Running into a critical blocker during the SOC2 Type II audit. We have a flow using the Record block to capture cardholder data for verification before redirecting. Flow version 145 on AWS US-East-1. The issue is that flow execution logs are persisting the raw input captured by GetDigits even though we added a Data Action to mask it. Audit team flagged this as PII exposure in logs which violates PCI-DSS requirement 3.2. We cannot proceed with certification without fixing this. Has anyone configured masking at the log level specifically? The expression Replace(digits, 'x', '') is not working as expected.

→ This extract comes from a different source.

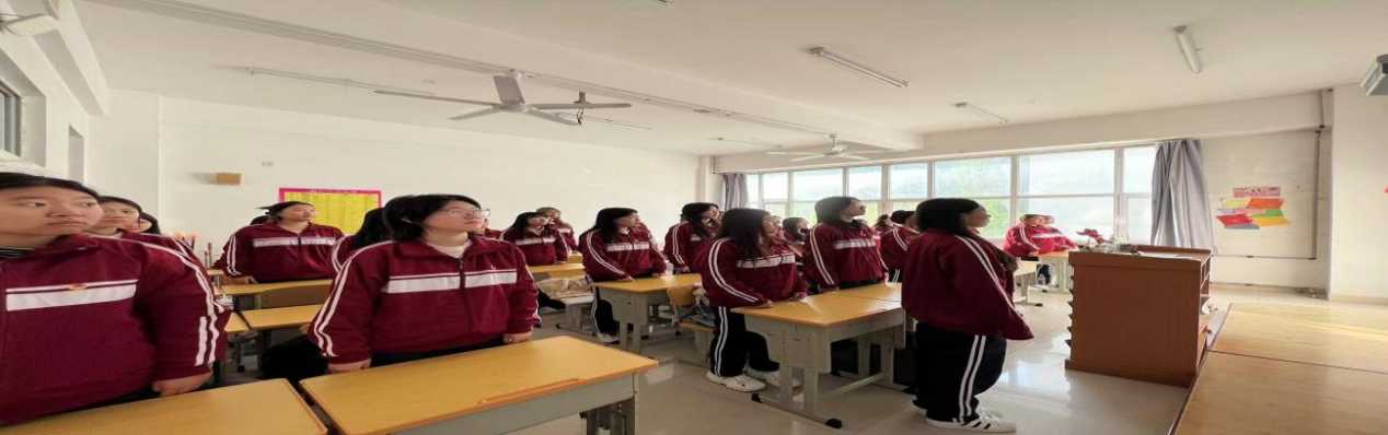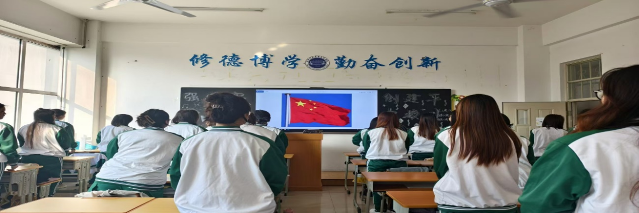 7点50分,升旗仪式准时开始。由各班团支书进行主持,同学们庄严的注目礼,五星红旗冉冉升起。齐唱国歌,爱国之情在心中激荡。

Checked the source for the analytics module in the Python SDK repo last week. The masking logic happens on the payload sent to the backend, not necessarily the execution log cache. You need to use a custom expression in the Data Action before the flow writes to logs. Try wrapping the GetDigits output like this: Replace(GetDigits, '[0-9]', 'x'). Also check the Flow Execution Log settings under Organization > Preferences > Analytics. There is a toggle for sensitive data masking that defaults to false. If you are using the Genesys Cloud SDK v12.5, verify the logging level is set to WARN instead of DEBUG.
This impacts the migration timeline for the PureConnect replacement project. We need to validate the masking configuration before moving production traffic. Recommend pausing the audit review until the flow patch is deployed. Estimated risk is high if logs remain unmasked. Need approval from security team to test in staging first.